Samstag: Räumung ohne Widerrede
22 Uhr, keine Stimmung an der Alten Brücke. Es sind nur 20 Leute da. Vor dem "Holländer Hof" steht ein Auto des Kommunalen Ordnungsdiensts (KOD). Es ist leer, die KODler sind unterwegs. Es läuft Musik, aber nicht laut. Keiner schreit oder grölt. Die Schüler Max (17) und Sammy (16) erzählen, dass es ihnen Spaß macht, hier zu sein. Hier, wo sie Gleichgesinnte treffen. Und natürlich steht das Trinken im Vordergrund, denn dann passieren immer "lustige Sachen", sagen sie. Stört es sie, dass überall Müll herumliegt? "Die Stadt kümmert sich schon darum", sagt Sammy. Aber er findet es schlimm, "dass den Anwohnern in die Blumentöpfe gekotzt und gekackt wird".

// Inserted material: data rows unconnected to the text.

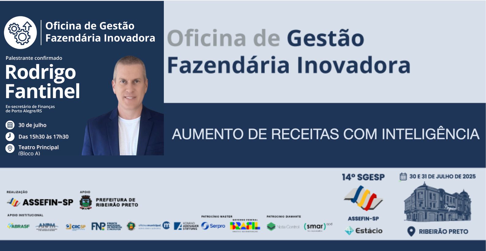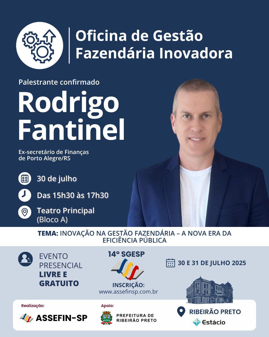 No dia 30 de julho, às 15h30, o Teatro Principal da Universidade Estácio de Ribeirão Preto receberá um dos painéis mais aguardados do 14.º Seminário de Gestão Pública Fazendária – SGESP: “Inovação na Gestão Fazendária – A nova era da eficiência pública”, conduzido por Rodrigo Fantinel.
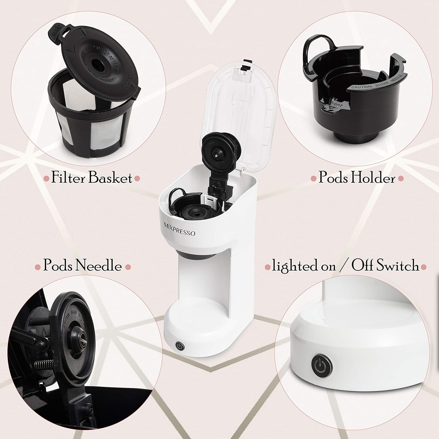 - Best Pod Coffee Maker: The single coffee maker is designed for easy cleaning, compact storage, and made from environmentally safe materials. The removable drip tray allows quick cleanup, while the detachable ground coffee filter can be easily removed for fast daily rinsing. For thorough cleaning, parts can be disassembled as needed to help maintain long-term performance.
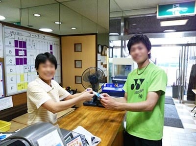 ・テニス施設のフロントにおいて、お帰りの際などにスタッフから手渡しでサンプリング。
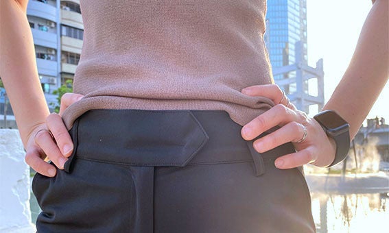 ベルトをしなくてもファッショナブルでシンプルな腰回りとフロントのデザインになっています。
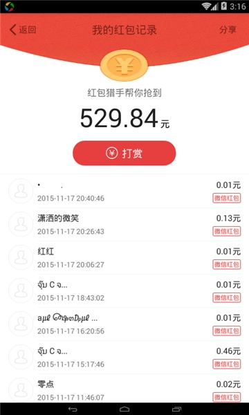 支持红包个数、金额统计。今日、昨日、历史抢到红包个数、金额,一目了然,随时分享战果。
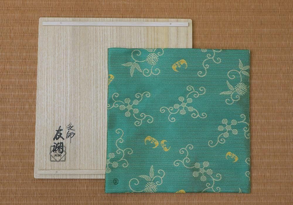 土田友湖作-坐忘斎家元御好 福翔来紹巴古帛紗 緑 桐箱入
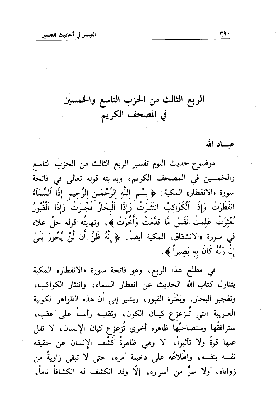موضوع حديث اليوم تفسير الربع الثالث من الحزب التاسع والخمسين في المصحف الكريم، وبدايته قوله تعالى في فاتحة سورة "الانفطار" المكية: {بسم الله الرحمن الرحيم إِذَا السَّمَاءُ انْفَطَرَتْ * وَإِذَا الْكَوَاكِبُ انْتَثَرَتْ * وَإِذَا الْبِحَارُ فُجِّرَتْ * وَإِذَا الْقُبُورُ بُعْثِرَتْ * عَلِمَتْ نَفْسٌ مَا قَدَّمَتْ وَأَخَّرَتْ}، ونهايته قوله جل علاه في سورة "الانشقاق" المكية أيضا: {إِنَّهُ ظَنَّ أَنْ لَنْ يَحُورَ * بَلَى إِنَّ رَبَّهُ كَانَ بِهِ بَصِيرًا}.
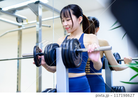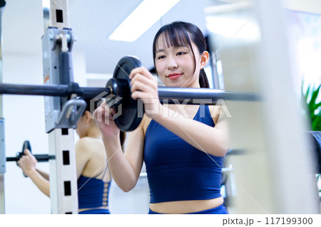 女性 トレーニング スポーツジム バーベル 笑顔
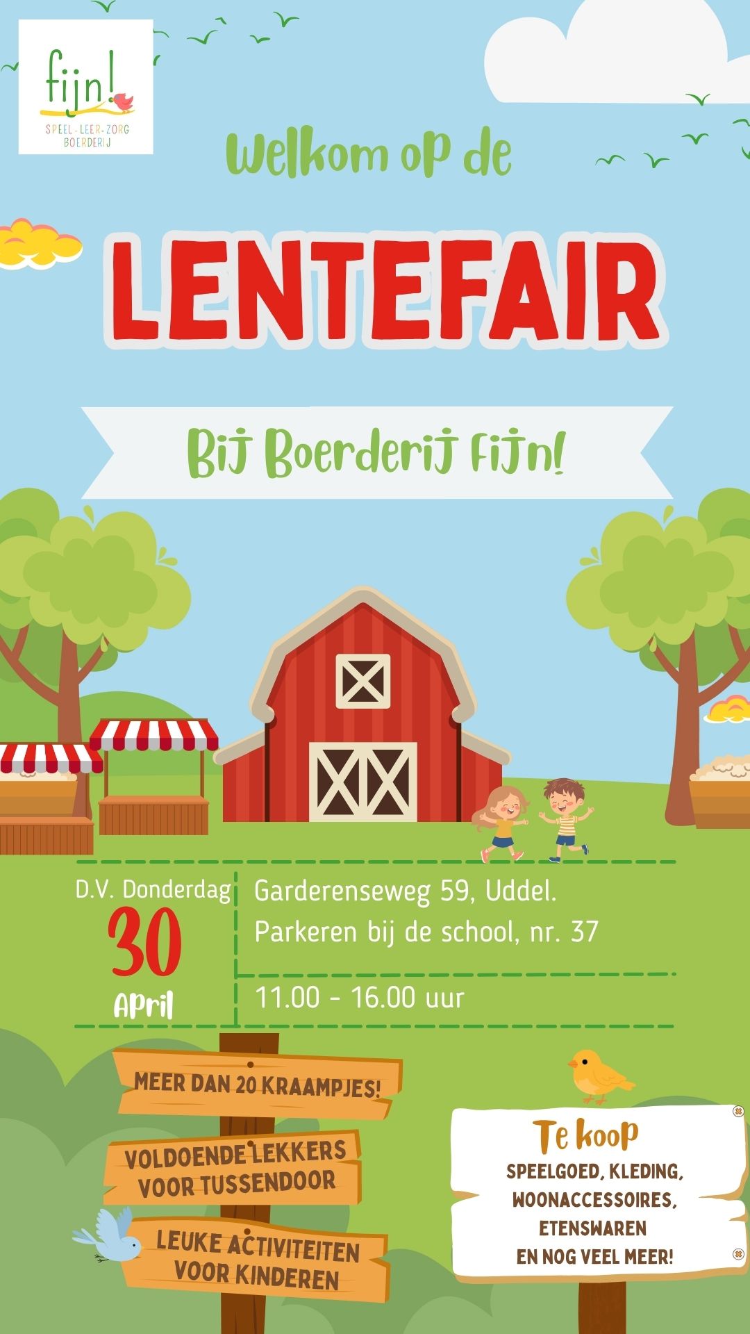 UDDEL – Van harte welkom D.V. 30 april van 11.00-16.00 uur op onze lentefair. Een erf vol kraampjes en activiteiten. Er is veel te koop, van woonaccessoires, tot speelgoed, lekkers, kleding en accessoires, schoonmaakartikelen en nog veel meer! Ook hebben we een leuke Staphorster workshop voor jong en oud, zijn er veel speelactiviteiten en kunt u ook een hapje eten.

Kurz vor 23 Uhr, ein Polizeiauto kommt über die Alte Brücke und hält direkt unter dem Brückentor. Vier Polizisten gehen auf die inzwischen größer gewordenen Gruppen zu und sagen ihnen, dass sie den Platz räumen müssen. Die Jugendlichen folgen der Aufforderung. Die Beamten gehen weiter in Richtung Untere Straße.
Dann legt sich ein Jugendlicher, offenbar völlig betrunken, vor das Hotel "Goldener Hecht". Seine Freunde kommen und sagen ihm: "Bleib normal, wenn die Polizei kommt." Doch die Polizei, die in der Nähe steht, interessiert sich gar nicht für ihn. Die Beamten zeigen Präsenz, aber weil die Musik nicht laut ist und auch sonst wenig passiert, müssen sie nicht eingreifen.
23.30 Uhr, Untere Straße, ein angetrunkener 20-Jähriger ruft: "Voll leer. Hier ist ja überhaupt nichts los." Die Stimmung ist gedämpft. Auch Sammy und Max gefällt es heute nicht: viel zu wenig los. Um Mitternacht pöbelt ein Jugendlicher die Mitarbeiter des Restaurants "Der kleine Spanier", direkt am Brückentor, an. Ein Freund von ihm entschuldigt sich so: "Wir lieben Sie!" Die Angestellten nehmen es mit Humor, sie sind es gewöhnt. Noch einmal fährt die Polizei am Brückentor vorbei. Doch jetzt ist alles ruhig.
Sonntag: Viele Feiernde, wenig Polizei
22.45 Uhr, rund 200 Jugendliche sind an der Alten Brücke. Sie tanzen, sie trinken, sie reden. Alle paar Minuten hört man zerschmetternde Gläser. Die Polizei kommt immer wieder vorbeigefahren, aber deutlich seltener als noch am Samstag. Und die jungen Leute sind nicht dumm: Sobald einer die Ordnungshüter sieht, schalten sie einfach ihre Musik aus. Es ist ihre Strategie, um einem Platzverweis zu entgehen. Ein Katz-und-Maus-Spiel.
Als es zu regnen beginnt, gehen viele. Rund 40 Jugendliche sammeln sich unter dem Brückentor, um nicht nass zu werden. Die Polizei ist nicht zu sehen, die Musik wird aufgedreht. Kurz nach 23 Uhr kommt Nachschub: drei junge Leute mit Plastiktüten voller Spirituosen.
Doch der Regen wird stärker, der Platz leert sich nach und nach. Um 0.30 Uhr ist fast keiner mehr da. Die Anwohner der Alten Brücke haben ein vergleichsweise ruhiges Wochenende hinter sich gebracht.